**COLLECTED DATA:**
>>>
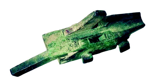 出土的青銅弩機共三件,制作精巧,外觀平整光潔。大件長14.5厘米,寬12.8厘米,重量為1031.9克。中件長14.9厘米,寬7.4厘米,重量為540克。小件長10厘米,寬4厘米,重量為11克。這三件弩機除了小件稍有點殘缺外,其余兩件基本完整。三件弩機造型沉穩,小巧玲瓏,且機廓都由青銅鑄造,這在已出土的弓箭類文物中比較罕見。經過專家鑒定,這是三國時期魏蜀征戰天水時的遺留文物。
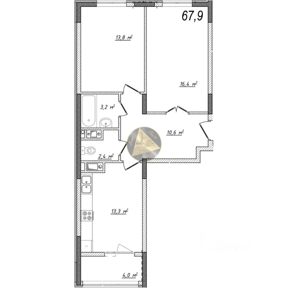 - Общая площадь квартиры 67.9 м2
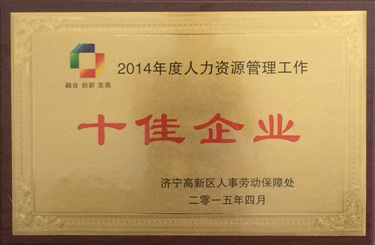 在濟寧高新區2014年度人力資源管理“十佳企業”的評選活動中,凱斯達公司被授予2014年度人力資源管理“十佳企業”榮譽稱號。凱斯達公司一直十分重視人力資源工作,堅持人盡其才、才盡其用的理念,致力于優秀人才的培養與發展。此榮譽是對凱斯達公司人力資源管理工作的肯定和鼓勵。
<<<
**TASK OBJECTIVE:**
Set down all the lines above exactly as they appear, with no pictures.

**RESULT:**
 出土的青銅弩機共三件,制作精巧,外觀平整光潔。大件長14.5厘米,寬12.8厘米,重量為1031.9克。中件長14.9厘米,寬7.4厘米,重量為540克。小件長10厘米,寬4厘米,重量為11克。這三件弩機除了小件稍有點殘缺外,其余兩件基本完整。三件弩機造型沉穩,小巧玲瓏,且機廓都由青銅鑄造,這在已出土的弓箭類文物中比較罕見。經過專家鑒定,這是三國時期魏蜀征戰天水時的遺留文物。
 - Общая площадь квартиры 67.9 м2
 在濟寧高新區2014年度人力資源管理“十佳企業”的評選活動中,凱斯達公司被授予2014年度人力資源管理“十佳企業”榮譽稱號。凱斯達公司一直十分重視人力資源工作,堅持人盡其才、才盡其用的理念,致力于優秀人才的培養與發展。此榮譽是對凱斯達公司人力資源管理工作的肯定和鼓勵。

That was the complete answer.